[DATA FOR ANALYSIS]:

+ + +

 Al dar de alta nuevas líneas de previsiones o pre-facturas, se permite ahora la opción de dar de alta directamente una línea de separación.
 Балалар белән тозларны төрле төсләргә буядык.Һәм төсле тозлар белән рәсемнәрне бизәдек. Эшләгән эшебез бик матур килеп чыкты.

+ + +

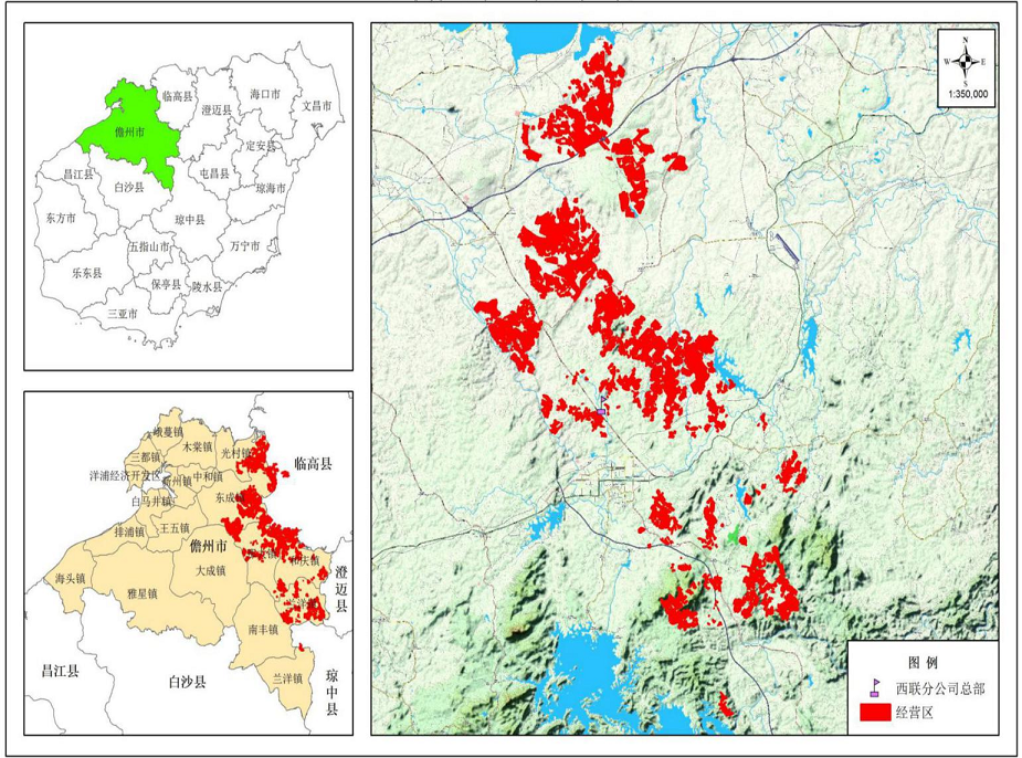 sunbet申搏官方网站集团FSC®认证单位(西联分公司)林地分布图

+ + +

[ABOUT THIS TASK]: Return only the lines between the one holding "Al dar de alta" and the one holding "Балалар белән тозларны", inclusive, exactly as they appear above.

[ANSWER SPACE]:
 Al dar de alta nuevas líneas de previsiones o pre-facturas, se permite ahora la opción de dar de alta directamente una línea de separación.
 Балалар белән тозларны төрле төсләргә буядык.Һәм төсле тозлар белән рәсемнәрне бизәдек. Эшләгән эшебез бик матур килеп чыкты.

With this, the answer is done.